PyTorch-LBFGS
PyTorch-LBFGS copied to clipboard
(yet) Another stochastic L-BFGS implementation for interest
Hi Michael,
I wanted to share a stochastic first order optimizer idea and implementation for L-BFGS, in case you might find it interesting or even practical in your research (congrats also on your PhD & new role at fb!)
The idea behind the algorithm is pretty simple in brief:
- when optimizing a stochastic empirical loss function, use bootstrap sampling over mini-batches of data to estimate the function value, the variance, and sampling bias
- run a first-order solver using a line search that treats the variance estimates from the bootstapped function/gradient evaluations as numerical uncertainties, such that the line search routine looks for step sizes points that satisfy the Wolfe conditions within the uncertainty level
I implemented the idea above in the following repository using tensorflow
:
https://github.com/mbhynes/boots
I admittedly haven't run particularly thorough experiments on this, but did use a small convnet as a toy problem and it looks like the convergence of the bootstrapped L-BFGS algorithm can have the same or better convergence as ADAM up to a point, measured by the decrease in training loss vs the # of function/gradient evaluations [ie data points accessed], e.g. here
There's no formal convergence criteria implemented, and empirically it looks like the optimizer can get within a radius of a minimum, but then just start oscillating a bit without making substantive progress.

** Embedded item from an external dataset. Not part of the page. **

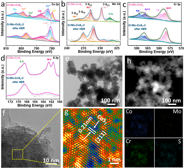 图5 Cr/Mo-CoS2和HER反应后的Cr/Mo-CoS2的 (a) Co 2p, (b) Mo 3d, (c) Cr 2p和(d) S 2p XPS光谱图;(e-g) HER反应后Cr/Mo-CoS2的TEM和HRTEM图像;(h) HER反应后Cr/Mo-CoS2的HAADF-STEM图像和相应的EDS-mapping图谱

The real practical downside to all this is that neither tensorflow
nor pytorch
are particularly efficient at evaluating per-example gradients... so unfortunately even if the trace above looks sorta neat, in reality you have to wait quite a while to get it from bootstrapping, compared to ADAM (which I've just taken as the ~best off-the-shelf algo) since the boots
implementation above doesn't have an efficient way of evaluating the jacobian matrix. (It wouldn't be quite so bad in a map-reduce framework where per-example gradients have to be materialized mind you...)
Anyway, hope it's of interest, and all the best!